Checking with your ophthalmologist, whether your right eye can be remedied or not, if yes, there should be no problem, at least in China.

Are you in Dubai? Deanne, can you help to check about amblyopia there?


----------



## Deanne Z (Jan 9, 2010)

45moon said:


> Checking with your ophthalmologist, whether your right eye can be remedied or not, if yes, there should be no problem, at least in China.
> 
> Are you in Dubai? Deanne, can you help to check about amblyopia there?


Well, I'll try...:confused2:


----------



## ravikumar (Jan 1, 2011)

45moon said:


> Yesterday I had a eye test in Shanghai to apply for a drving license, unfortunately my left eye was found that it is amblyopia, about 0.4 ( or 4.6 in another unit system), no problem for color distinguishing, but sight is vague even with any kind of glasses. My right eye is perfect, about 1.2( or 5.1), during my daily life, I have no problem on my sight. But I was rejected because of only one eye.
> 
> Can anyone tell me can I apply for a driving license in Dubai?

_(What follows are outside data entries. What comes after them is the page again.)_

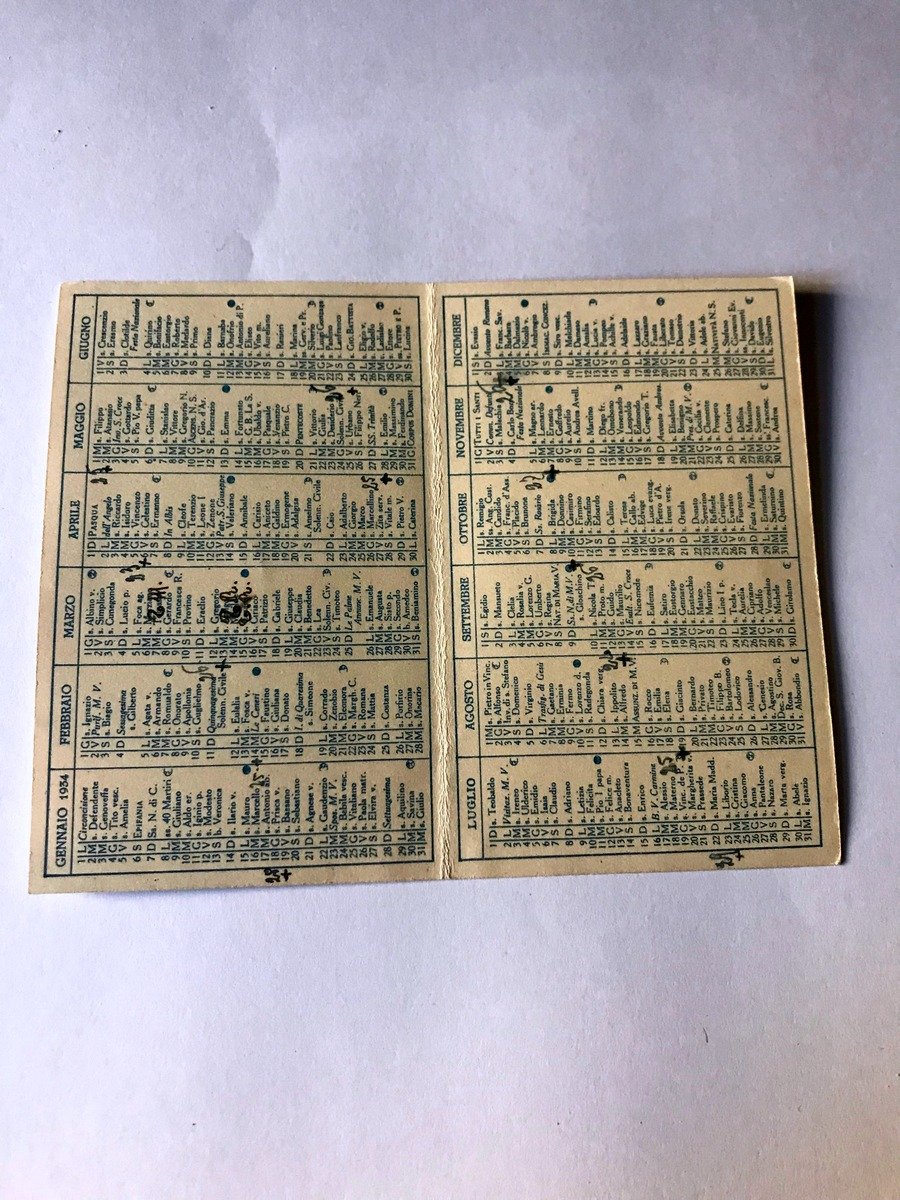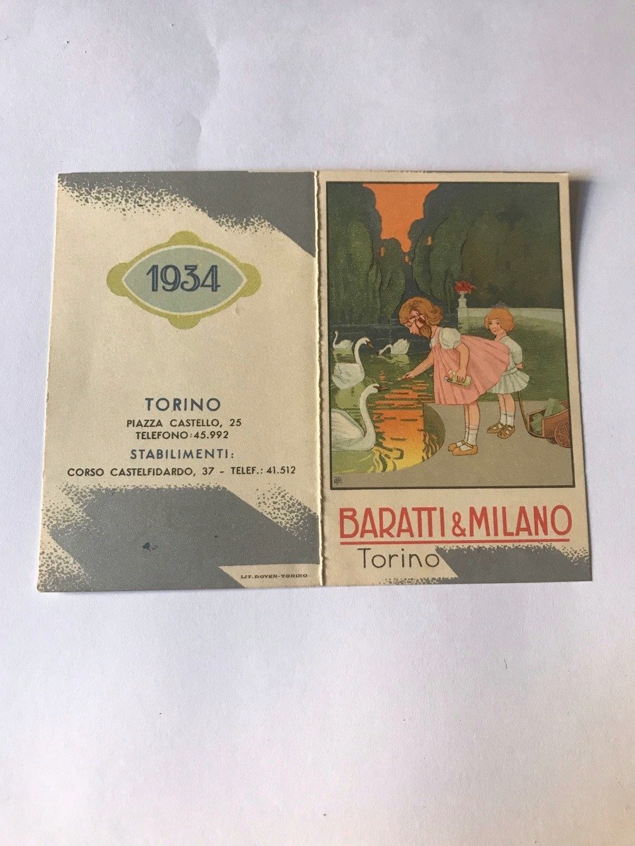 Calendarietto da barbiere, Calendarietto Baratti e Milano Torino 1934 CART.0779 blu Lit Doyen Torino 1934; 6x10 cm; pp. 2 nn. Brossura ed. ill. a colori. , calendario. Condizioni di conservazione Calendario in ottimo stato di conservazione con minimi segni del tempo.Alcune date appuntate Ricercato calendarietto Baratti e Milano. CART.0779 blu
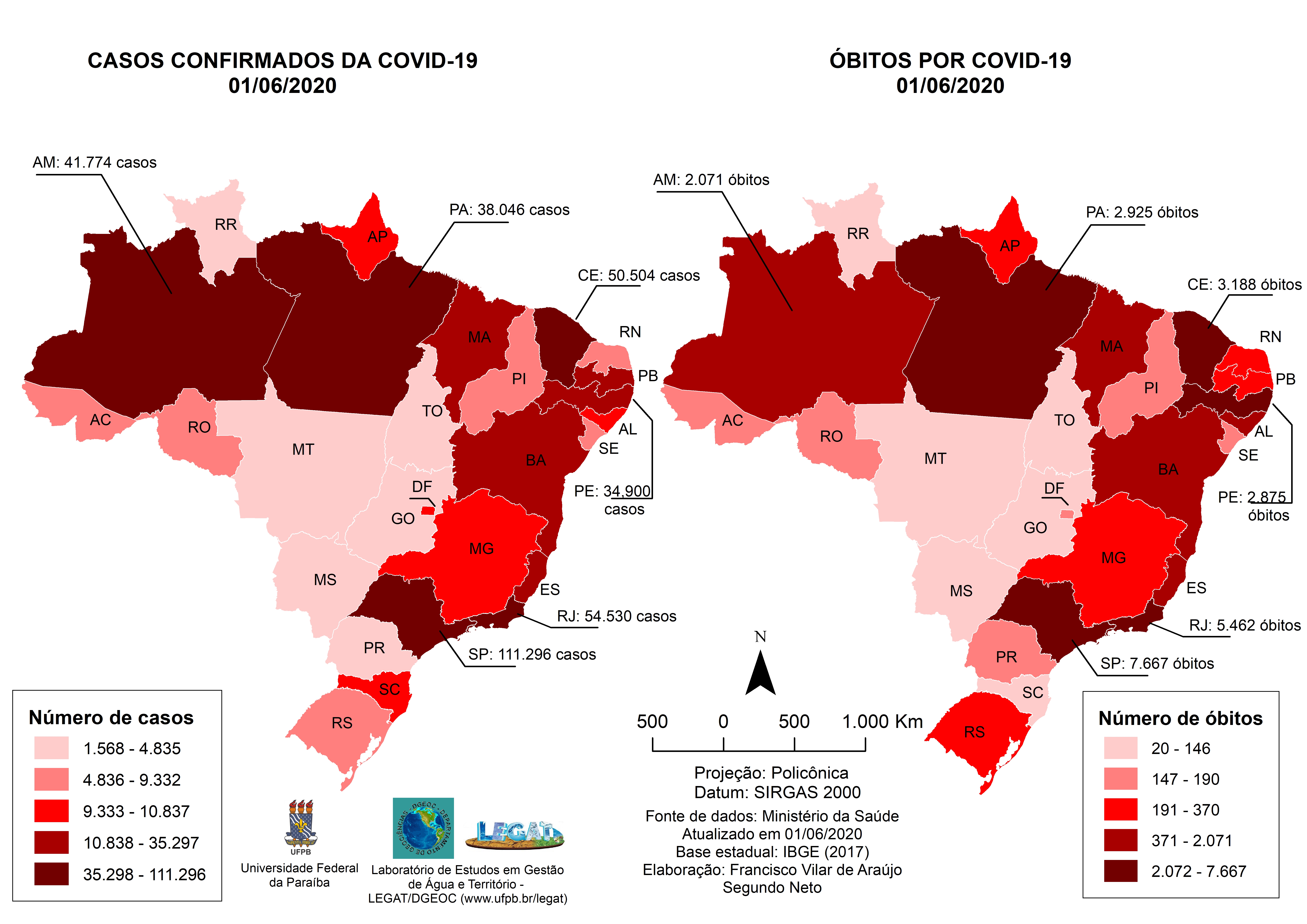 Casos confirmados e óbitos por COVID-19 no Brasil (01/06/2020).
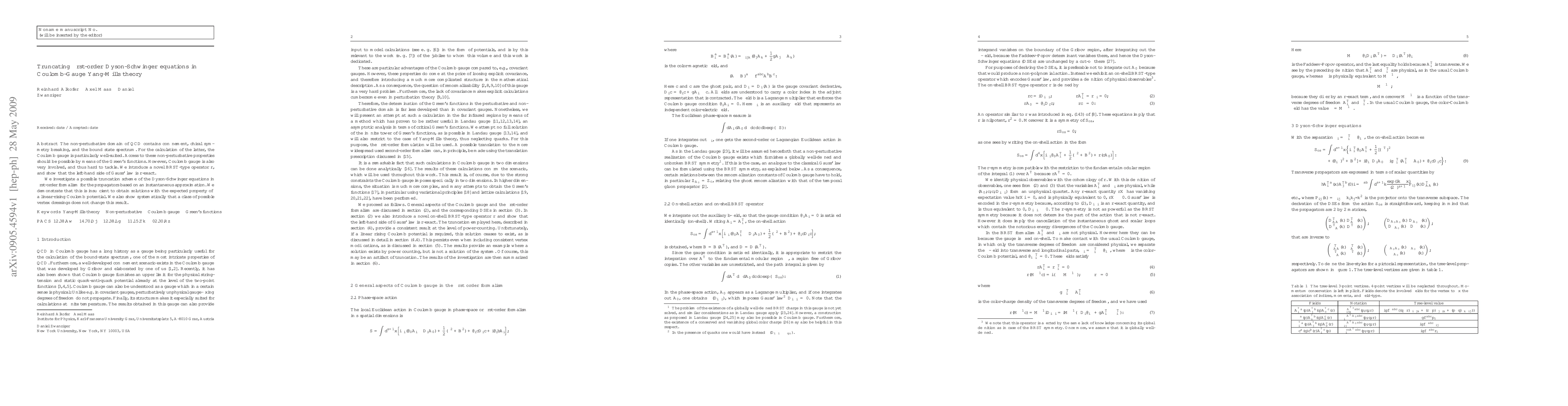 The non-perturbative domain of QCD contains confinement, chiral symmetry breaking, and the bound state spectrum. For the calculation of the latter, the Coulomb gauge is particularly well-suited. Access to these non-perturbative properties should be possible by means of the Green's functions. However, Coulomb gauge is also very involved, and thus hard to tackle. We introduce a novel BRST-type operator r, and show that the left-hand side of Gauss' law is r-exact. We investigate a possible truncation scheme of the Dyson-Schwinger equations in first-order formalism for the propagators based on an instantaneous approximation. We demonstrate that this is insufficient to obtain solutions with the expected property of a linear-rising Coulomb potential. We also show systematically that a class of possible vertex dressings does not change this result.
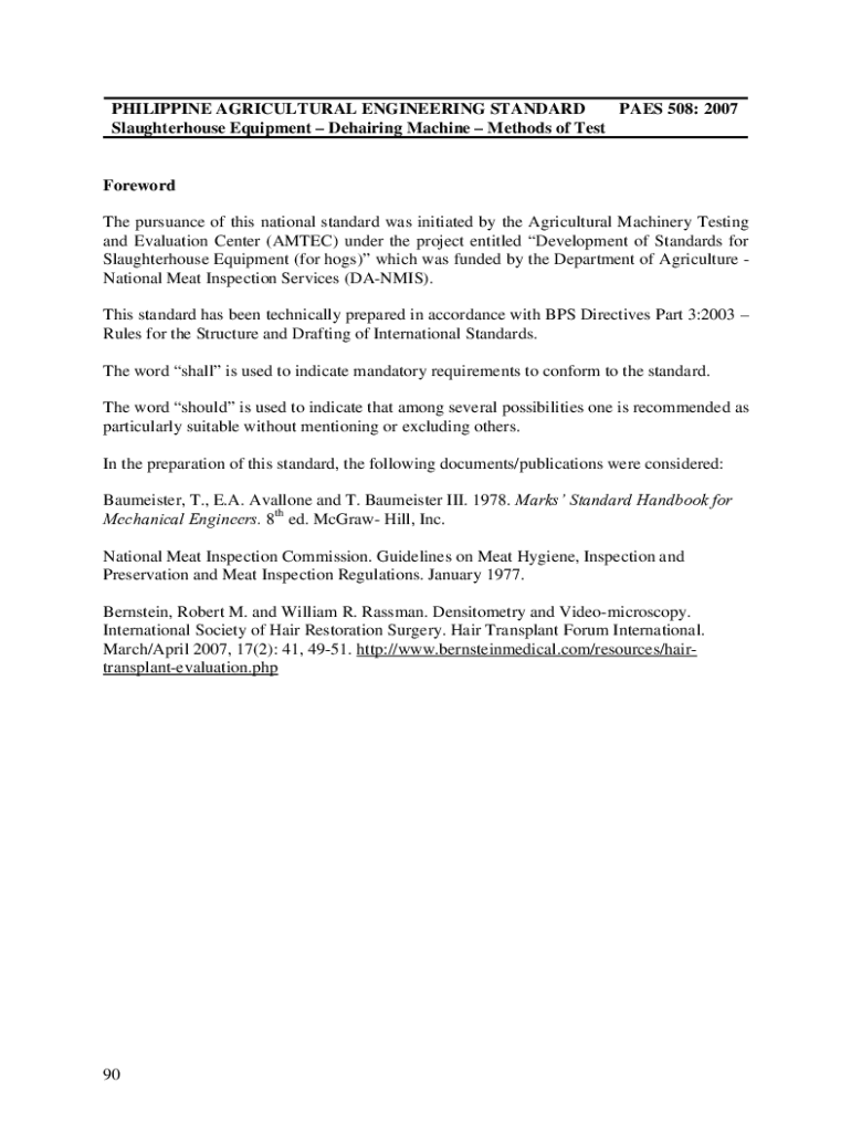 PHILIPPINE AGRICULTURAL ENGINEERING STANDARD
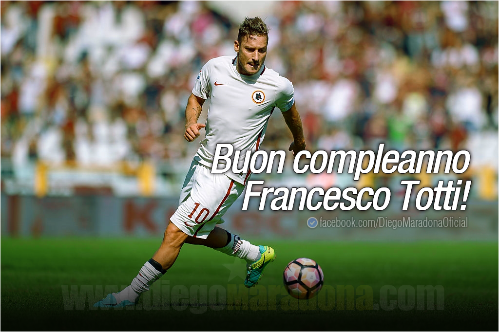 Diego Armando Maradona ha fatto gli auguri a Francesco Totti per il suo 40esimo compleanno. Il campione argentino ha voluto dimostrare la sua ammirazione al Capitano della Roma.

contact BELHASA DRIVING CENTRE 055 4972877, DUBAI


----------



## NAUAE (Jun 4, 2010)

The eye tests conducted in the driving school are not that tough. Use contacts and if that doesn't help, memorize the chart  You will see a mass of students going in and out of the eye test room in a big place like Belhasa so you can roam around to do this without any issue.


----------



## Jynxgirl (Nov 27, 2009)

Lovely advice!


----------



## Maz25 (Jul 6, 2008)

45moon said:


> Checking with your ophthalmologist, whether your right eye can be remedied or not, if yes, there should be no problem, at least in China.
> 
> Are you in Dubai? Deanne, can you help to check about amblyopia there?


My advice would be to enquire about your eye condition and whether you will be able to legally obtain a driving license once you arrive.

I would not advocate trying to get a license by hook or by crook if your eyesight does not meet the legal requirements here for the following reasons:
1. The driving is absolutely manic here and standards are generally poor. Even for a person who has perfect eyesight, driving is seen as a last resort to getting around and the mere thought of joining the mad race on the road is enough to give most of us a panic attack.

2. If your eyesight does not meet the minimum requirement, you will be a danger to both yourself and other road users.

Public transport has come a long way over the last few years and it is now a lot easier to get around, be it by taxi, metro, bus or even by hiring your own driver or getting lifts from friends and colleagues. Hence, even you are not able to drive, you will still be able to get around with relative ease. I did not drive for over a year when I arrived here and had no problems getting around (there was no metro then!) and even now I only drive because I have to.


----------